Isn’t this beautiful?
We want to know that our transformations are fine so we execute the tests and:

docker run -v `pwd`/docker/vector/:/etc/vector/ timberio/vector:0.12.1-alpine test /etc/vector/*.toml
Running tests
test Kong logs shortened ... passed
test Kong logs ClickHouse ready ... passed

If, by any chance, we broke the tests, we would see something like this (I simply modified the last number 4 into a 5 to make it fail):

docker run -v `pwd`/docker/vector/:/etc/vector/ timberio/vector:0.12.1-alpine test /etc/vector/*.toml
Running tests
test Kong logs shortened ... passed
test Kong logs ClickHouse ready ... failed

failures:

test Kong logs ClickHouse ready:

check transform 'kong_logs_clickhouse_ready' failed conditions:
  condition[0]: source execution resolved to false
payloads (events encoded as JSON):
   input: {"authenticated_entity":{"id":"487ab43c-b2c9-51ec-8da5-367586ea2b61"},"client_ip":"172.20.0.1","consumer":{"created_at":1615809852,"id":"4b1b701d-de2b-5588-9aa2-3b97061d9f52","username":"my-user"},"latencies":{"kong":2,"proxy":1,"request":3},"request":{"headers":{"host":"localhost:8000","user-agent":"curl/7.68.0","x-consumer-id":"4b1b701d-de2b-5588-9aa2-3b97061d9f52","x-consumer-username":"my-user","x-forwarded-for":null},"method":"GET","querystring":{},"size":100,"uri":"/mypath","url":"http://localhost:8000/mypath"},"response":{"headers":{"content-length":null,"content-type":null,"x-kong-proxy-latency":null,"x-kong-upstream-latency":null},"size":935,"status":200},"route":{"https_redirect_status_code":426,"methods":["GET"],"name":"my-route","paths":["/mypath"]},"service":{"name":"my-service","tags":["mytags"]},"started_at":1615809924110,"timestamp":"2021-03-15T12:05:24Z","tries":[{"balancer_latency":0,"balancer_start":1615809924112,"ip":"172.20.0.3","port":80}],"upstream_uri":"/"}
  output: {"consumer_username":"my-user","latency_kong":2,"latency_proxy":1,"latency_request":3,"request_method":"GET","request_size":100,"request_uri":"/mypath","request_url":"http://localhost:8000/mypath","response_status":200,"service_name":"my-service","timestamp":"2021-03-15 12:05:24"}

But this is not the case and everything is correct.
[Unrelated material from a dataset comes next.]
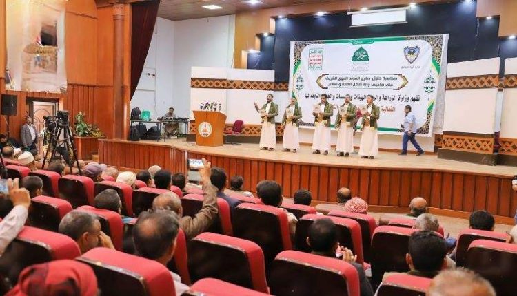 واستعرض جانبا من حياة وسير الرسول الأعظم ومكانته في نفوس اليمنيين، مؤكداً أن الاحتفال بالمولد النبوي، دليل على محبة الرسول الأعظم، والحرص على الاقتداء به قولاً وعملاً.

We then set the ClickHouse sink module as follows:

[sinks.kong_logs_clickhouse]
  type = "clickhouse" 
  inputs = ["kong_logs_clickhouse_ready"]
  compression = "gzip" 
  database = "kong"
  endpoint = "http://clickhouse:8123"
  table = "log" 

Please note that ClickHouse sink module offers many configuration parameters, among which those related to buffer capacity.

Beautiful, let’s see if it all works.

We will use Vegeta to do requests at 1,000 rps rate during 15 seconds and see if Vector’s buffering worked and the data was stored correctly.

"echo 'GET http://kong:8000/mypath' | vegeta attack -rate=1000 -duration=15s -header=apikey:my-key | vegeta report"
Requests      [total, rate, throughput]         15000, 1000.06, 999.88
Duration      [total, attack, wait]             15.002s, 14.999s, 2.762ms
Latencies     [min, mean, 50, 90, 95, 99, max]  1.202ms, 11.348ms, 3.355ms, 4.538ms, 5.508ms, 335.361ms, 466.81ms
Bytes In      [total, mean]                     9180000, 612.00
Bytes Out     [total, mean]                     0, 0.00
Success       [ratio]                           100.00%
Status Codes  [code:count]                      200:15000  
Error Set:

(see how we send the API key using -header=apikey:my-key.)

1,000 requests per second during 15 seconds means 15,000 events that should be now stored in ClickHouse. Let’s check it out:

docker-compose exec clickhouse bash -c "echo 'SELECT consumer_username AS u, count() c, quantile(0.95)(latency_kong) AS lk_p95, quantile(0.95)(latency_proxy) AS lp_p95 FROM kong.log GROUP BY u FORMAT PrettyCompactMonoBlock' | clickhouse-client -m -n"
┌─u───────┬─────c─┬─lk_p95─┬─lp_p95─┐
│ my-user │ 15000 │      4 │      1 │
└─────────┴───────┴────────┴────────┘

We didn’t lose a single event and life is good.

Closing notes

We now know how to store data coming from Kong into ClickHouse. If, by any chance, you preferred Elasticsearch as a storage solution, you could simply use the Elasticsearch sink module and you’d be fine (or you could use both!).

Vector is powerful and, from what we can see, you can expect a vibrant community and a number of new features coming soon.

Again, if you want to run this demo by yourself, you can just clone this repo https://github.com/pachico/demo-kong-vector-clickhouse.